People can react with narcissistic traits and behaviors in a stressful
situation like when they lose their job or in situations of divorce
or other very hard life contexts. Suddenly, they will have increased
symptoms. Stress related with trauma can overwhelm the self and
trigger symptoms such as shame, humiliation and rage and extreme
self-esteem fluctuations. That can happen to people with relatively
healthy self-esteem as well as people who have propensity for narcissism.
My way of looking at narcissism is as a continuum. Narcissism is
like a dementia: from healthy narcissism to pathological to narcissistic
personality disorder to psychopathy. It is important to see that
everybody has narcissism, self esteem, self regard, self protection
and a normal sense of entitlement. There are a lot of normal aspects
to narcissism. In stressful situations, anybody's self esteem can
react to the extreme temporarily.
Q: In your research have you identified new ways of treating
the problem?
A: Psychoanalysis and analytic psychotherapy was long considered
the treatment method. But now group therapy is one way of treating
narcissism to make people with the same problem interact and recognize
it in each other. They can understand more about themselves through
others who are not too different.
Another way of treatment is family and couples therapy. Something
I suggested for some narcissistic people is DBT, dialectical behavior
therapy. It teaches skills to handle interpersonal relations and
emotional fluctuations and anger and suicidality.
Q: Can narcissism be cured?
A: There are several things that can contribute to change. One
has to do with maturity and learning through life experiences over
time. People tend to develop more self restraint. They can learn
from experience, our research has proven. If you have a capacity
to mourn or grieve or tolerate depression or regrets, you are more
likely to change. They can also benefit from psychotherapy focusing
on the lying, shame and superiority feelings that often force them
to act in the opposite direction, more superior or more entitled.
It is important to see narcissistic disorder as a dialectical functioning
between very difficult feelings: a strong sense of inferiority and
the opposite, a sense of superiority and unrealistic entitlement.
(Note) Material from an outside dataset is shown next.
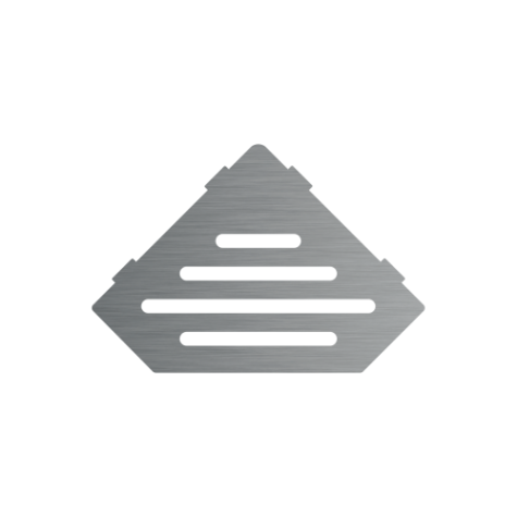 Stylish Shower Shelf in Stainless Steel. Symmetrical corner installation. Grade 304 finish. The shelf attaches in the grout joint with silicone - no drilling required! The Shower shelf can be tiled in during installation or fitted retrospectively.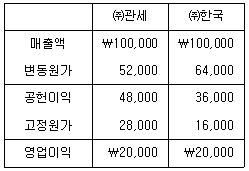 (주)관세와 (주)한국의 공헌이익손익계산서는 다음과 같다.

The purpose of the treatment is to see how these extremes can meet
in the middle.
Q: And many of them won't seek treatment in the first place,
because they don't see anything wrong. Is that a major issue?
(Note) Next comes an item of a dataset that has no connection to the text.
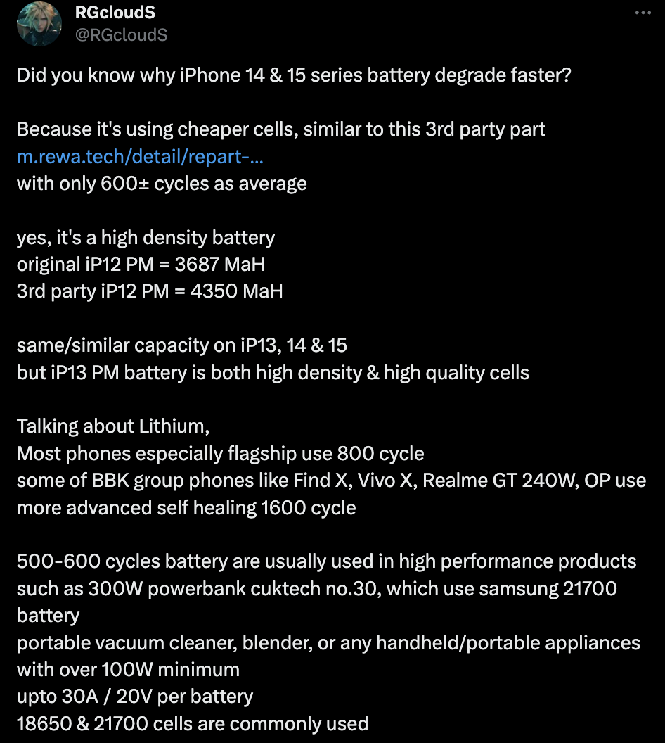 Пользователи неоднократно жаловались на быстрое снижение здоровья батареи iPhone 14 всего через несколько месяцев использования. Согласно слухам, новейший iPhone 15 может столкнуться с аналогичной проблемой. Инсайдеры утверждают, что новые модели оснащены более дешевыми батареями, рассчитанными всего на 600 циклов зарядки. Как отмечает RGcloudS, батареи с выносливостью 500-600 циклов зарядки обычно используются в высокопроизводительных устройствах, таких как внешние аккумуляторы, пылесосы и другие портативные продукты, поддерживающие до 100W мощности. Поскольку линейка iPhone 15 не может быть отнесена к высокопроизводительным устройствам (она не поддерживает 100W), использование батарей с 600 циклами зарядки может указывать на стремление Apple сократить расходы. Стоит отметить, что iPhone 15 Pro Max на $100 дороже предыдущей модели iPhone 14 Pro Max, но при этом базовая версия предлагает вдвое больше объема памяти и ряд других апгрейдов. RGcloudS также утверждает, что китайские бренды,

A: Right, they only seek treatment if something happens. They
face an ultimatum: come to treatment or they will lose their job
or get divorced. They might have legal problems - something happens
that makes them realize they have to change. That's also why life
experiences are important. That is my next research project. I am
in the beginning of a project focusing on change in narcissistic
patients. I have developed a questionnaire and I am looking for
clinicians who have been treating people with narcissistic personality
disorder or significant narcissistic problems to be able to conceptualize
how narcissistic patients change.
Q: Narcissism gets a very bad rap, possibly worse than any other
mental illness. It is probably more consistently seen as a character
flaw, rather than an illness. Is this unfair and why?
A: I think it's a worthwhile issue for a psychologist to pay
attention to. Developmentally, we know that people who end up with
narcissistic personality disorder have had their share of developmental
experiences. There is documentation on a connection to cold or emotionally
unsatisfying or threatening developmental experiences or parental
relationships. Or they have been over-evaluated as children, assigned
tasks that are beyond their developmental capacities, for instance,
being a replacement for a spouse who left or a mother or sibling
who died.
Narcissistic people have long been considered to be lacking in
empathy. That's something I question. It may be more about the way
they practice empathic functioning. The real exciting thing happening
now is the research on empathy because that has opened up a way
of seeing empathy not just as something you have or don't have but
that there is a broad range of empathic functioning or capacity.
That's also part of my new research. I am looking into what influences
empathic functioning in narcissistic patients.